Experiencing untreated alcohol withdrawal symptoms is not only distressing and life-threatening, but evidence suggests that the extreme physiological reactions are potentially damaging to the nervous system. One theory posits that high glutamate and N-Methyl-D-Aspartate receptor (NMDA) activity causes cellular injury by increasing intra-cellular calcium levels and creating reactive oxygen species.  Vulnerable areas include the cerebral cortex, hippocampus, and cerebellum.

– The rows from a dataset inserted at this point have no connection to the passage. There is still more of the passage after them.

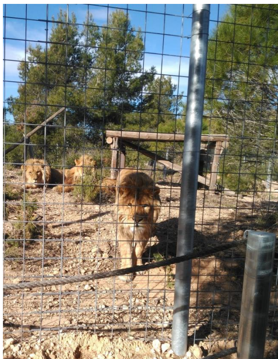
Imagen 8: AAP Primadomus centro de rescate Villena (Alicante). Fuente: Elaboración propia.

Cuadro 10: Análisis de los centros de rescate y recuperación. Fuente: Elaboración propia a partir de la fuente FAADA.
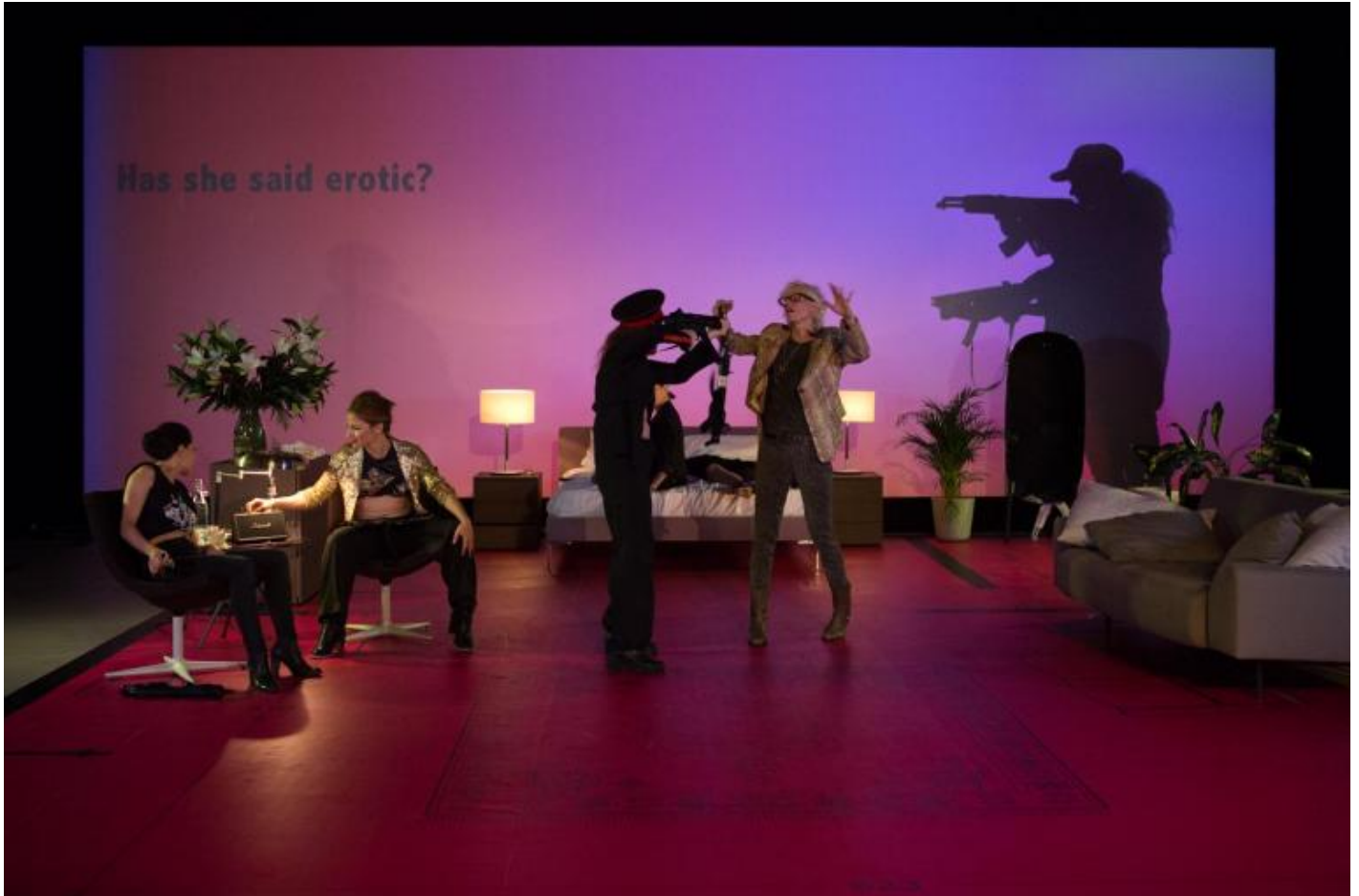
Motus, Über Raffiche, ph. DIANE Ilaria Scarpa, Luca Telleschi

nel violento scarto tra le due figure (talmente antitetice da indurre qualche spettatore a domandarsi se si tratti di una effettiva identità) risiede l'intelligente denuncia di ambigue e scivolose dinamiche di sguardo: lo spettatore si trova inevitabilmente indotto, dopo aver osservato le immagini e i video proposti dell'artista, a ripensare da un'altra prospettiva alla violenza di cui ha sentito parlare nei primi istanti dello spettacolo. E viene così chiamato a riconoscere in se stesso, prima ancora che negli altri, l'attuarsi involontario di schemi di giudizio sessisti ed eteronormativi.
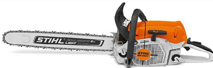
Bild: Motorsäge STIHL MS 462
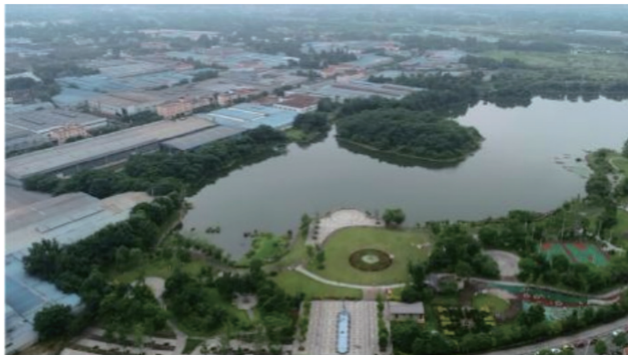
彭州金彭湖项目实景图

而另一边，部门则与战投部、经营预算部就项目报价进行了多轮测算，对五冶集团在成都周边项目的报价进行了收集、分

Electromagnetic (EEG, MEG, MRI, fMRI) and hemo-dynamic (PET, SPECT) scans are the most common ways that anatomical, functional, and biochemical changes due to alcohol abuse are measured. Electromagnetic imaging allows for “real-time” measurements of brain function including changes to a “stimulus” or intervention while the subject is being scanned. These scans are especially helpful in identifying changes in brain function over time. Hemo-dynamic scans are most helpful in measuring chemical activity (oxygen consumption) or blood flow changes in various brain structures. Positron emission tomography (PET) and single photon emission computed tomography (SPECT) often use a radioactively labelled molecule such as glucose to track the changes in cellular activity. Various PET and SPECT scan studies have confirmed prior studies that have found a decrease in metabolism in the area of the brain that helps control impulses called the prefrontal cortex in alcoholics. MRI and fMRI can also be used to measure functional changes in specific brain regions. An MRI study examining the effects of binge drinking found that, after three years of binging, MRI scans could detect loss of frontal lobe white matter and lower neural integrity. One technique called diffusion tensor imaging (DTI) can actually measure the orientation and integrity of specific neuronal pathways to detect damage. One study demonstrated disruption of the microstructure of nerve fibers after heavy alcohol use.
Alcohol is a neurotoxin that can, in high doses and frequency, cause brain damage. Various studies have demonstrated that alcohol impacts neurological function, structure, and biochemistry.